Polished, flowery black metal that treats their melodic program as one of lyricism over world building. Individual refrains stand out for their ability to meld catchiness with an internal logic unpacked within developmental material. But an overreliance on basic rock cadences and trivial lead guitar lines drags the music to a place of domesticity. Each molecule makes sense on its own terms, but fails to build into the next, leading to an episodic, individualised experience. This latter is not helped by the fact that the tonal framing of these pieces relies too heavily on poppy devices that fail to elevate it much above radio friendly fluff. The intent is clearly toward disposable therapeutic emotional catharsis over any serious meditation. The result is a flat, sterile, clunky procession of tedious hysterics that occasionally picks up the language of black metal, with greater emphasis placed on highly commercialised power metal via the lead guitar work and solos.

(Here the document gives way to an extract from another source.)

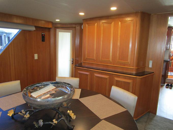 Open to the Salon aft, the Dining Salon has a round six place table with upholstered chairs to the port side. Built-in raised panel cabinets forward to port with three above and three below a marble shelf (with drawers within) were built to store all the yacht’s glasses and dinnerware. Outboard is the side deck glass framed entry door. Just inside the door are Emperador dark marble tiles.

Morbonoct: The Highest Purpose
Out 19th February, self released

Essentially a stadium rock album with tempo changes. Takes the Muse approach to creating a cosmic atmosphere by throwing a plethora of technique and timbre into a spacious mix and letting the contrasting textures do the work of creating purpose. No one could deny the musicality on display here. But the compositional crutches are all too obvious (and trite) to provoke any meaningful response on the part of the listener. Morbonoct lean into creating a dark, cavernous atmosphere through the detritus of death metal riffing, before attempting to work the music into a cathartic, triumphant finale replete with major chord progressions in the ascendant, and drums switching from blast-beats to half tempo rolling fills in a cliched attempt to contrive resolution. But this latter is so unearned, forced, and processed through endlessly wacky deviations that the all too frequent crescendos feel at best trivial, and worst insulting to one’s intelligence as a listener. Look to Esoctrilihum for a similarly skewed perspective toward competing textures and mixing desk tricks as opposed to any focus on compositional forethought. These acts are not wanting in raw talent, but what they present displays an underlying disinterest in forming music around a conceptual whole, indicated most obviously in their incontinence when it comes to sheer content.


Hadit: Metaphysical Engines Approaching the Event Horizon
Out 15th March on I, Voidhanger

What at first appears as a tightly packed delivery mechanism for dense sonic information quickly unravels on even a cursory inspection. Gauche stylistic clashes that probably felt boundary pushing to compose achieve little more than the perception of paralysing indecision. Tedious post metal flourishes bleed into moments indistinguishable from technical emo, thrust against superfluous slam riffs smuggled under the radar by oddball melodic orientations. This album treats the breadth of extreme metal as a well of disposable ephemera, stitching styles, eras, and tonal shifts together with little regard for how each unit feeds into a macro perspective. Knitted between these directionless divergences are frequent nods to populist metal subgenres from metalcore, deathcore, and what frequently gets called progressive metal but in reality is little more than bratcore. The hope was probably that if enough reference points were integrated into these pieces there would be something to please everyone, or else a reluctance to jettison one influence for the sake of another led to stuffing these pieces to the point of creaking under the sheer weight of overindulgence. Whatever the sorry tale behind this album, it views extreme metal as little more than a toybox full of curiosities to throw around and discarded just as quickly.